Quality Control and the Research Question
December 9, 2022
Some minor quality control issues were evident in our analyses. These issues, and their potential effects on our data, are discussed below.
Dripwater:
Due to a user error during analysis, our B-check quality control replicate was closed and not run as often as we would have hoped (every 22 samples). Instead, it was only analyzed twice, before any of our unknowns were analyzed. Thankfully, we also ran the NIST 1643f quality control standard every 22 samples, so we were able to evaluate the quality of our data using that standard. Because of this backup, we are able to remain confident in the quality of our data, and therefore in the plausibility of our hypotheses regarding the dripwater unknowns.
Some trace metal concentrations fell within the lower half of our calibration curve. In the future, we would like to add a bit more of these trace analytes to our calibration standards. However, since all of our unknowns still fell within the calibration curve range, we are confident in the quality of our data even at low concentrations.
Plate Calcite:
Due to a dilution error in which we diluted our Si and P single-element stocks an extra 10x in the creation of our calibration standards, our Si/Ca and P/Ca ratios were outside of our calibration range. We are not able to be confident in the accuracy of those two analytes for our plate calcite method. In future analyses, we will need 10x more Si and P in our calibration standards.

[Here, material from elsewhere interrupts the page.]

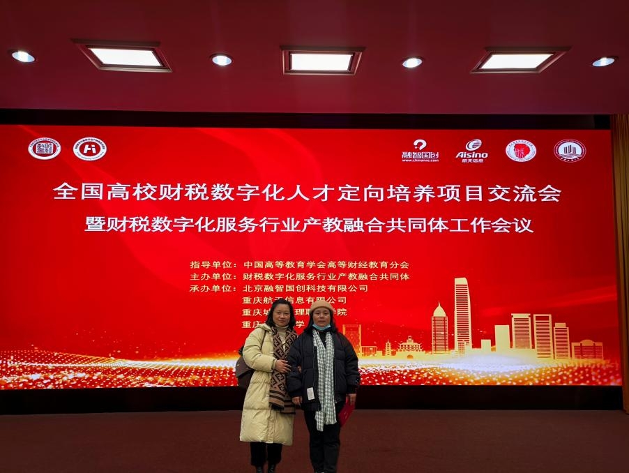 1月19日,经济与管理学院院长胡梨花、双师型教师熊丽华赴重庆参加全国高校财税数字化人才定向培养项目交流会暨财税数字化服务行业产教融合共同体成立大会及参加全国高校财税数字化人才培养“双师型”师资高级研修班。大会在中国高等教育学会高等财经教育分会、中国教育发展战略学会产教融合专业委员会指导下,由重庆城市管理职业学院主办,重庆工商大学、重庆航天信息有限公司、北京融智国创科技有限公司、博特产业(北京)技术有限公司协办。

Some of our quality control recoveries for plate calcite standards were shaky, especially for the B-check and NIST 1643f standards. Our MACS-3 and FEBS-1 recoveries were relatively accurate, with average recoveries of 1.04 and 1.01 (excluding nickel), respectively. However, due to the accurate recoveries for our key analytes (Sr, Ba, Mg), which have an average recovery of 1.05, we are confident in the quality of those plate results.
In the future, we would like to run the plate calcite using the double-dilution dripwater method (to measure TE in one dilution and Ca in the other) to check the accuracy of our new method. This would allow us to directly compare the old method and the new method to determine the relative accuracy. We will also consider purchasing or producing new, well-quantified speleothem standards to better optimize our quality standards for calcite plate analysis.